Alternative Approaches

After reducing to an integer ratio $q$, one may regard

$$1+q+\cdots+q^{n-1}$$

as the cyclotomic factor corresponding to the divisor $q^n-1$. Then

$$1+q^2+\cdots+q^{2n-2} = \frac{q^{2n}-1}{q^2-1},$$

and the question becomes whether the factor $q^n-1$ cancels completely. The remaining quotient is again $(q^n+1)/(q+1)$, whose integrality is equivalent to the polynomial divisibility $q+1\mid q^n+1$.

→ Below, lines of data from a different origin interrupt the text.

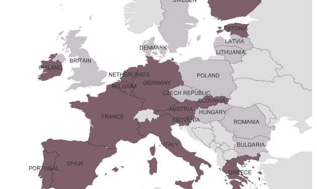 Στο χάρτη βλέπετε τις χώρες που αποτελούν την Ευρωζώνη. Οι New York Times δημοσίευσαν μία σειρά χαρτών και γραφημάτων που δείχνουν το σοβαρόο πρόβλημα χρέους της Ελλάδας,αλλά αποδεικνύουν ότι δεν είμαστε οι μοναδικοί που έχουμε αυτό το βραχνά. Όπως γράφουν 14 από τις 27 χώρες της Ευρωζώνης έχουν χρέος πάνω από το 60% του ΑΕΠ τους. Εμείς είμαστε στη κορυφή με 143% και ακολουθεί η Ιταλία με 106%! Γι΄ αυτό και οι δύο χώρες είναι χρωματισμένες με κόκκινο. Όσες χώρες έχουν χρώμα κίτρινο έχουν ποσοστά πάνω από 80%. Οι πράσινες ακόμη δεν ανησυχούν.
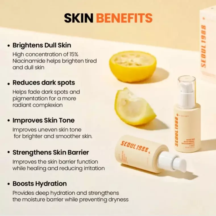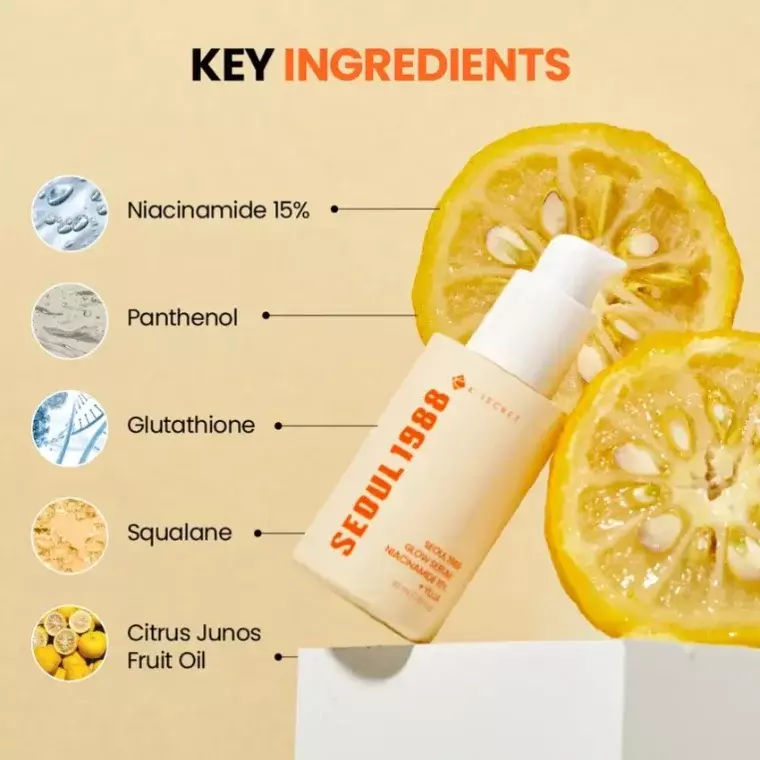 KSECRET SEOUL 1988 Glow Serum is a potent brightening and skin-tone enhancing serum formulated with 15% niacinamide and yuja (citron) extract to help improve dullness, even out complexion, and boost radiance. Its lightweight, fast-absorbing texture works to refine skin texture, fade dark spots, and support a clearer, more luminous look when used consistently.
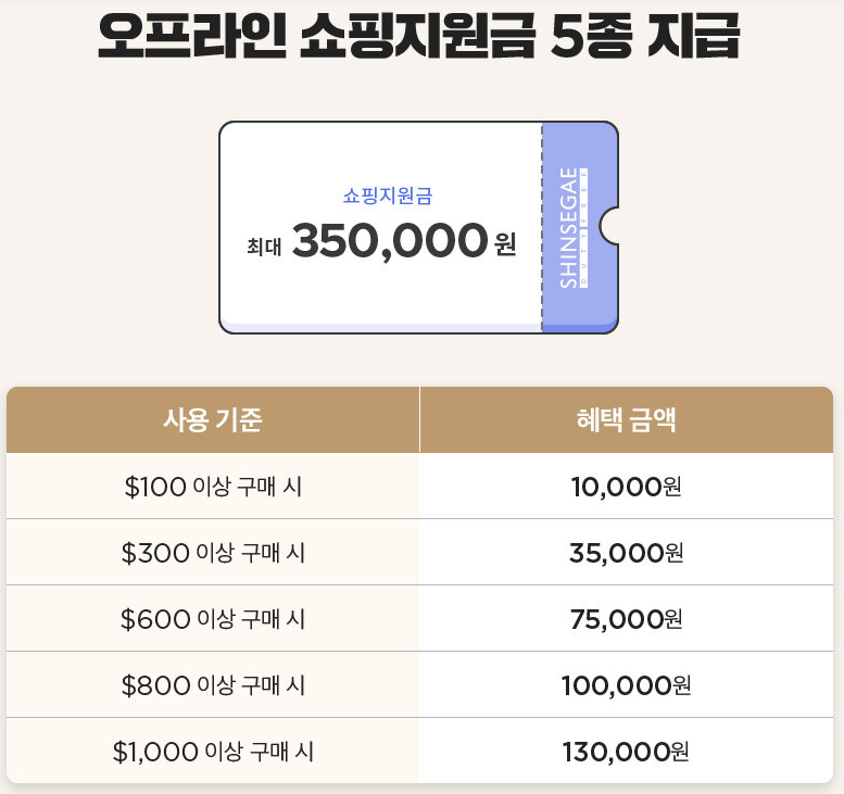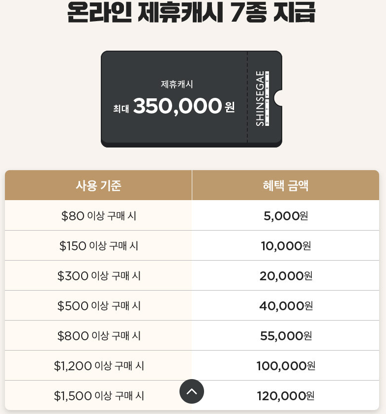 추가로 사용할 수 있는 온라인 신세계 면세점에서 사용가능한 캐시도 지급해 준다. 위 조건에 부합할 경우 별도로 사용할 수 있는 할인혜택이라 상당히 유용하다.

Another approach uses polynomial division directly. For odd $n$,

$$q^n+1=(q+1)(q^{n-1}-q^{n-2}+\cdots-q+1),$$

which immediately yields divisibility. For even $n$, substituting $q=-1$ shows that $q+1$ cannot divide $q^n+1$. The main solution is preferable because it connects the original arithmetic problem directly to the quotient of the two geometric sums and treats sufficiency and necessity in a unified computation.